Faster and More Consistent Nonlinear System Solving via MATLAB vs Mathematica

In this research paper, the authors present a novel approach to solving nonlinear systems of equations using domain discretization. They propose a method that involves approximating the solution of the system by dividing it into smaller pieces, or domains, and then solving each piece separately. The authors demonstrate that this approach can be highly efficient for systems with a small number of independent variables, making it particularly useful for complex systems with many degrees of freedom.
To understand how this method works, imagine a large puzzle with many interlocking pieces. Instead of trying to solve the entire puzzle at once, the authors suggest breaking it down into smaller, more manageable pieces and solving each one separately. This allows them to obtain an approximate solution for the entire puzzle by piecing together the individual solutions from each piece.
The authors test their approach on several examples, including a system of linear equations and a nonlinear differential equation.
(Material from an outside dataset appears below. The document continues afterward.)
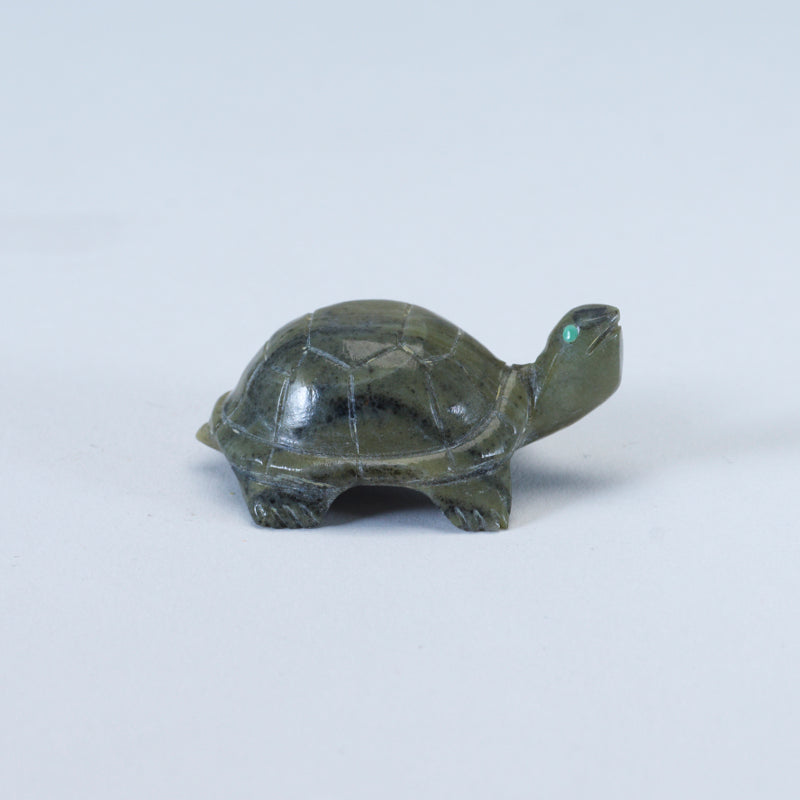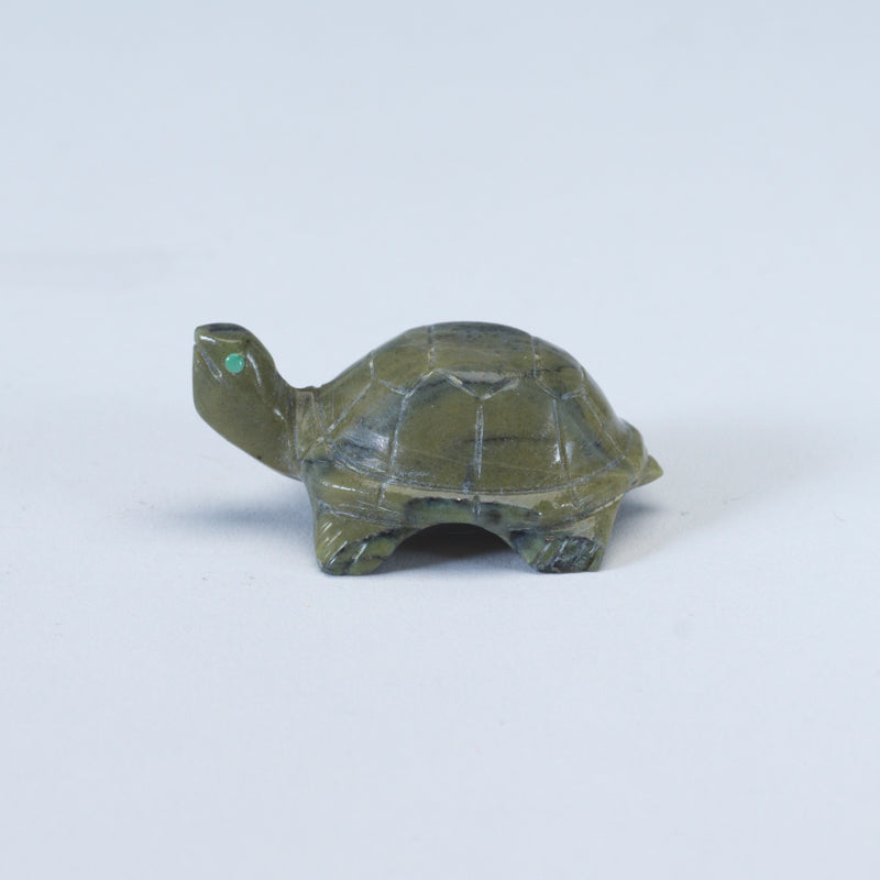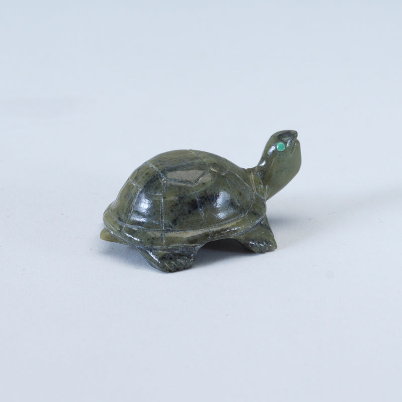 The serpentine stone embodies the nurturing spirit of Mother Earth, it assist the conscious direction of healing energies. The use of serpentine as the base material adds a beautiful green hue to the turtle's body, giving it an earthy and organic feel. The turquoise dotted inlay on the shell adds a pop of vibrant color, creating a striking contrast against the serpentine backdrop.

In both cases, they show that their method is highly accurate and efficient, outperforming traditional methods in many cases.
One potential drawback of this approach is that it can be difficult to determine the number of domains needed to achieve a desired level of accuracy. However, the authors suggest that this issue can be mitigated by using numerical methods to estimate the optimal number of domains.
Overall, the authors demonstrate that their domain discretization method offers a powerful new tool for solving nonlinear systems of equations, with potential applications in fields such as engineering, physics, and economics. By breaking down complex systems into smaller, more manageable pieces, this approach can help researchers and practitioners to better understand and solve problems that would otherwise be intractable.